The payment by HSBC of a US$1.9 billion fine in December 2012 to settle a money-laundering and terrorist-financing charge by US authorities has been a high-profile reminder of the need to keep anti-money laundering and counter-terrorist financing (AML/ CTF) compliance on your risk radar.
Anti-money laundering and counter- terrorist financing (AML/ CTF) compliance is a regular staple of the company secretarial CPD calendar, but it often takes a compliance failure to remind everyone involved – company secretaries, directors and senior managers included – what those seminars are really about.
In addition to the high-profile HSBC case, there has been a stream of news stories this year about corruption, embezzlement and money laundering – they seem to be common bedfellows. In August this year, Navin Kumar Aggarwal, an ex-partner with law firm K&L Gates, pleaded guilty to fraud and money laundering and was sentenced to 12 years imprisonment.
In October this year, four people were charged with fraud and money laundering at Pearl Oriental Oil Ltd. In that same month, Yueshou Environmental Holdings former deputy chairman Kelly Cheng Kit-yin admitted a total of 11 counts of conspiracy to defraud (including money laundering) in the District Court. In March this year, Lam Mei-ling, moved more than HK$6.7 billion through nine Hong Kong banks over almost four years and was jailed for 10 years. This followed the jailing of mainlander Luo Juncheng, 22, in January for 101⁄2 years for laundering HK$13 billion.
It can happen to you
The priority given to AML/ CTF compliance by company secretaries has, at least historically, depended on the sector practitioners work in. For obvious reasons, those working in the financial sector have been subject to higher expectations from AML/ CTF regulators locally and globally.
On 1 April 2012, the Hong Kong government brought in the HKSAR’s first law targetted at AML/ CTF compliance. Under the Anti-Money Laundering and Counter-Terrorist Financing (Financial Institutions) Ordinance (AMLO), financial institutions must reinforce their business conduct security, strengthen their compliance staff, and bolster their risk- based approach to customer due diligence and ongoing monitoring. They must have excellent record keeping, staff training and they must encourage suspicious transaction reporting.

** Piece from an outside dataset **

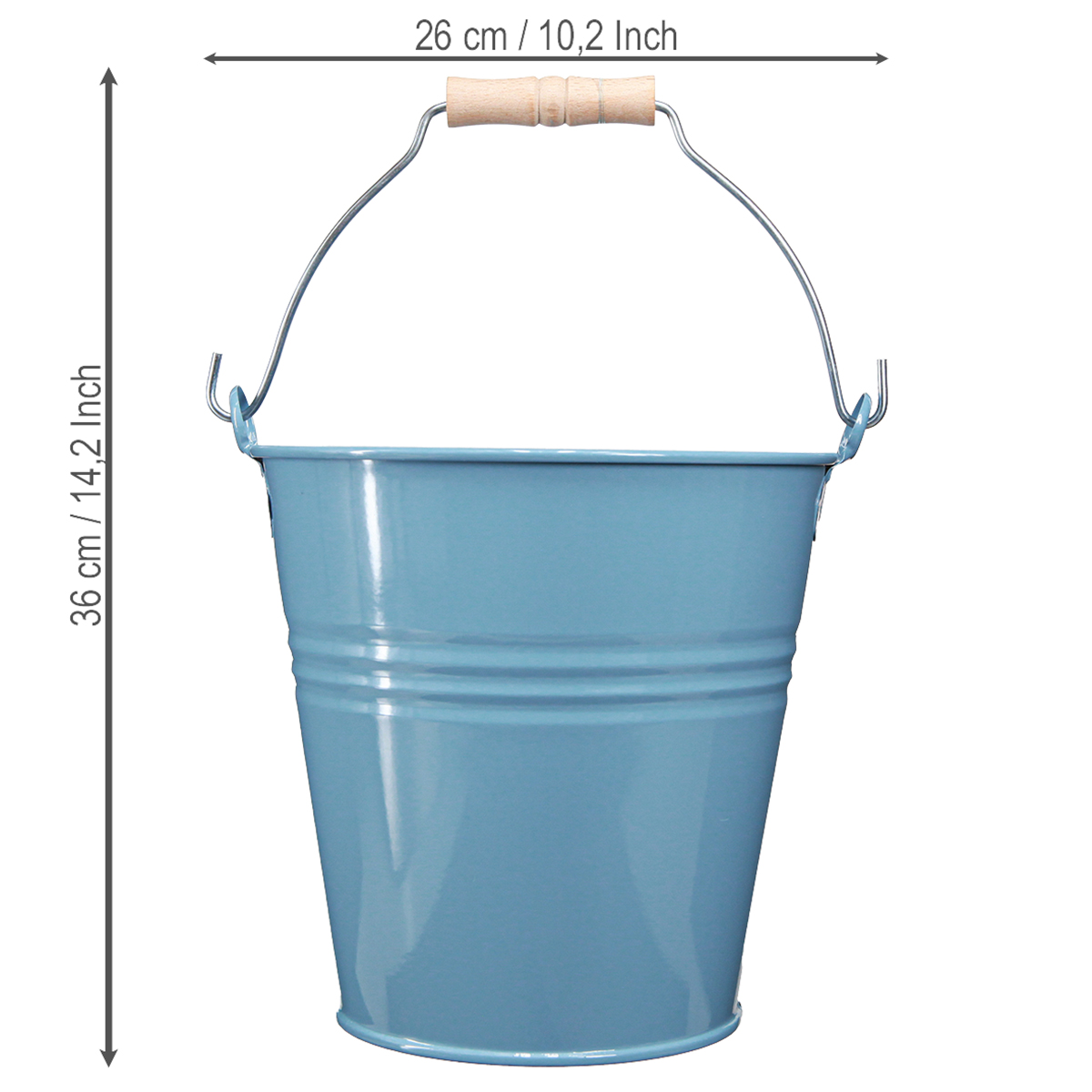 Objevte okouzlující dekorativní vědro v nadčasové modré. Jako květináč vyrobený z kovu zaujme svou elegantní lehkostí a robustní kvalitou. Vybaveno dřevěnou rukojetí, kombinuje funkčnost s dekorativní přitažlivostí, ideální pro výzdobu interiéru i exteriéru.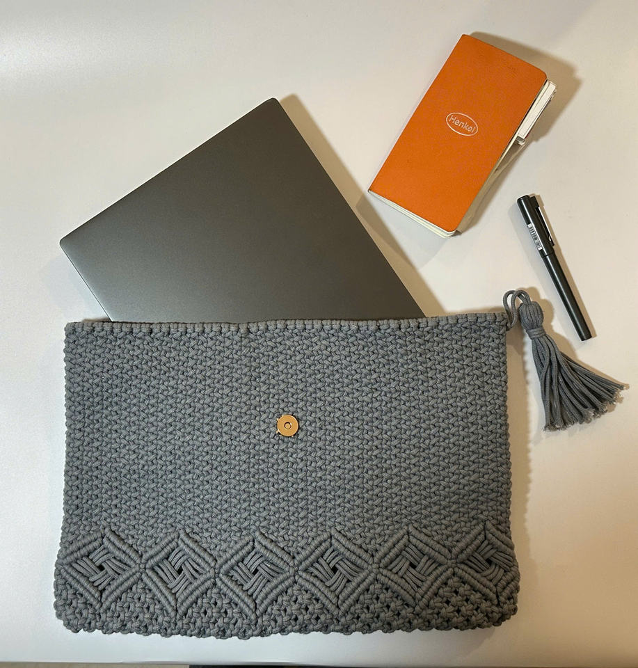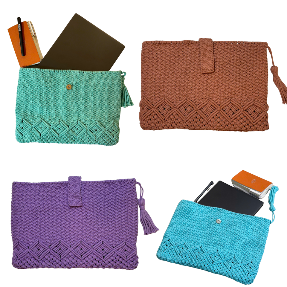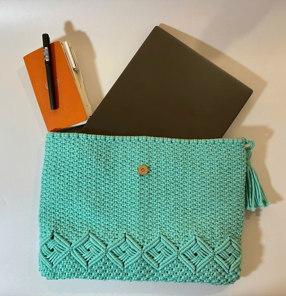 Étui pour ordinateur portable au crochet multicolore écologique, doux, durable et élégant avec fermeture à bouton réglable, accessoire pour femme

Criminal convictions for non-compliance with AMLO provisions carry a maximum penalty of HK$1million and seven years imprisonment, while any financial institution convicted of intent to defraud a relevant authority – including the Securities and Futures Commission (SFC), the Hong Kong Monetary Authority (HKMA), or the Customs and Excise Department – may be served a maximum penalty of a HK$1 million fine and seven years’ imprisonment.
In synchrony with the AMLO coming into effect, the SFC issued its Guideline on Anti-Money Laundering and Counter- Terrorist Financing for corporations, and the Prevention of Money Laundering and Terrorist Financing Guideline issued by the Securities and Futures Commission for Associated Entities which, as its title indicates, is targetted at associated entities. These guidelines aim to help companies and associated entities implement appropriate and effective policies, procedures and controls to comply with Hong Kong’s AML/ CTF regulatory requirements.
However, AML/ CTF risk management has never been the sole concern of financial institutions; it applies to all companies in Hong Kong and, as Samantha Suen, Chief Executive of the HKICS, points out, it has been around for some time. ‘This is not a new burden,’ she says. ‘Some years ago, corporate service providers were required to have “know your customer” [KYC] procedures in place.’
Indeed, in recent years the focus of AML/ CTF regulators has switched from financial institutions to designated non-financial businesses and professions (DNFBPs), which include lawyers, accountants and company secretaries working for trusts and company service providers (CSPs). Of high concern in
Hong Kong has been the relative ease with which international agents (or residents) can open shell companies for the purposes of money laundering: small players could slip through the net to finance big crimes. Not that it is as simple as hanging out a shingle and watching illegal dollars flow in.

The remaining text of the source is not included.